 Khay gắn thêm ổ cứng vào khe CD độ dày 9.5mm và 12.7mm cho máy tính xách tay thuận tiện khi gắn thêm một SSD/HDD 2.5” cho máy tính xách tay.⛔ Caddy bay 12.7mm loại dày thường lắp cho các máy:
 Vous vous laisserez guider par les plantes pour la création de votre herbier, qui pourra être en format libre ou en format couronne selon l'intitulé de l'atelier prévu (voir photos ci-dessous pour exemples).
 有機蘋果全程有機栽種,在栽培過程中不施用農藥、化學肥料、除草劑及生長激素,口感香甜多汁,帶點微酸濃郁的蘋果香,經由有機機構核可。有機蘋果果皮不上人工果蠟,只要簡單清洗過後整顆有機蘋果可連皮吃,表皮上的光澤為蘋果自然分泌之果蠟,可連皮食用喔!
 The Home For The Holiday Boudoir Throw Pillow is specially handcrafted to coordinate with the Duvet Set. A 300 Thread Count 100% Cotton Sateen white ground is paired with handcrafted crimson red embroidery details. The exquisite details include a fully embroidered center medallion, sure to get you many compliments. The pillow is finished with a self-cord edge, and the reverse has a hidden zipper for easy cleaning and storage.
__________
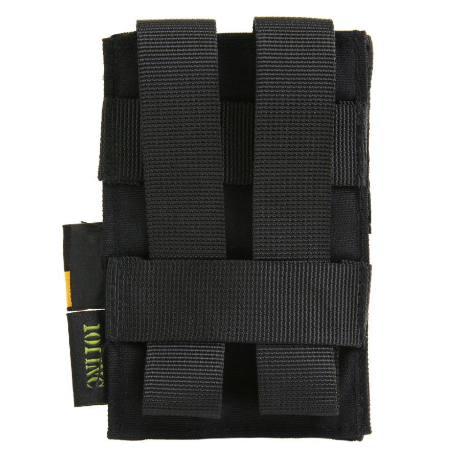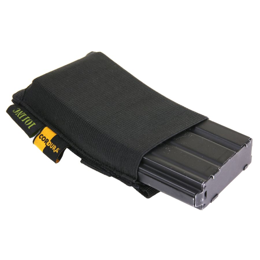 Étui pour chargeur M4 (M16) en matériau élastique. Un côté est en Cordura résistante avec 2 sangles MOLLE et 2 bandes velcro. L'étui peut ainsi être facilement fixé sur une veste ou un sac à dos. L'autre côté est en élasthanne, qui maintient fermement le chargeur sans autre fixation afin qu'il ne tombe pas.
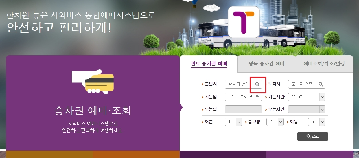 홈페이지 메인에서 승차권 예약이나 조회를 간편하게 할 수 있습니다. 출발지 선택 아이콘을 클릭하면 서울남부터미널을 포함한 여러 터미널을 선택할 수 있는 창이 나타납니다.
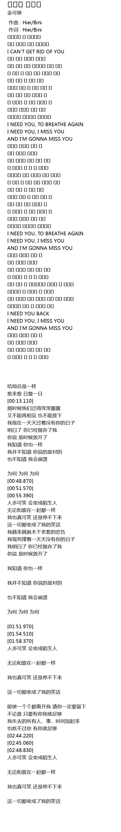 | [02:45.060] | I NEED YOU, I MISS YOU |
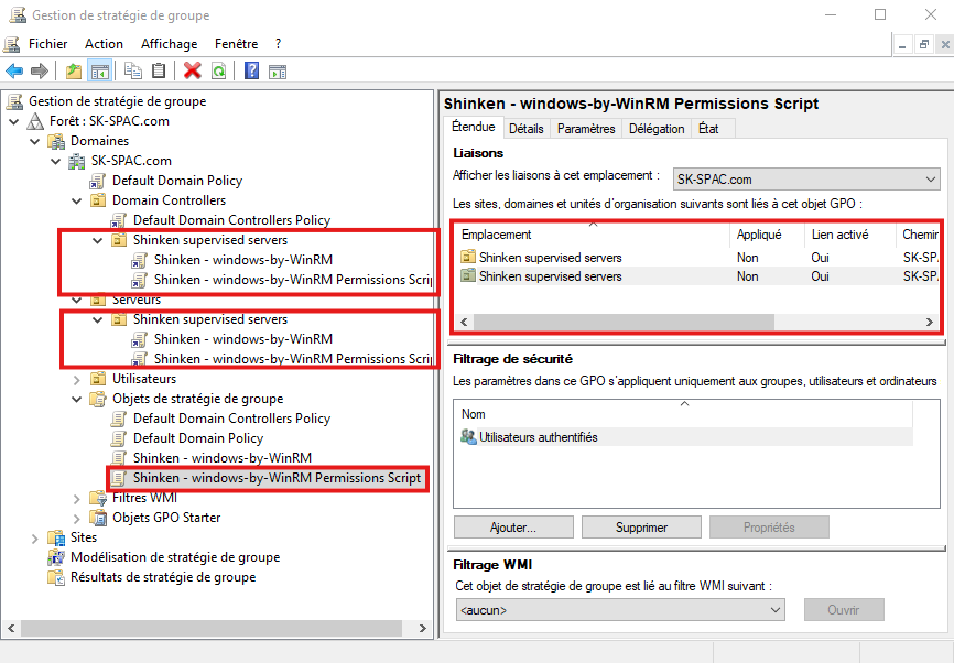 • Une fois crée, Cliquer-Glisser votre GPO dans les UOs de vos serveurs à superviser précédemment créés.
__________
ACTIVITY: All that is wanted is the stretch of lines above from the one containing "Vous vous laisserez" through the one containing "The Home For", duplicated exactly.

WRITTEN SOLUTION:
 Vous vous laisserez guider par les plantes pour la création de votre herbier, qui pourra être en format libre ou en format couronne selon l'intitulé de l'atelier prévu (voir photos ci-dessous pour exemples).
 有機蘋果全程有機栽種,在栽培過程中不施用農藥、化學肥料、除草劑及生長激素,口感香甜多汁,帶點微酸濃郁的蘋果香,經由有機機構核可。有機蘋果果皮不上人工果蠟,只要簡單清洗過後整顆有機蘋果可連皮吃,表皮上的光澤為蘋果自然分泌之果蠟,可連皮食用喔!
 The Home For The Holiday Boudoir Throw Pillow is specially handcrafted to coordinate with the Duvet Set. A 300 Thread Count 100% Cotton Sateen white ground is paired with handcrafted crimson red embroidery details. The exquisite details include a fully embroidered center medallion, sure to get you many compliments. The pillow is finished with a self-cord edge, and the reverse has a hidden zipper for easy cleaning and storage.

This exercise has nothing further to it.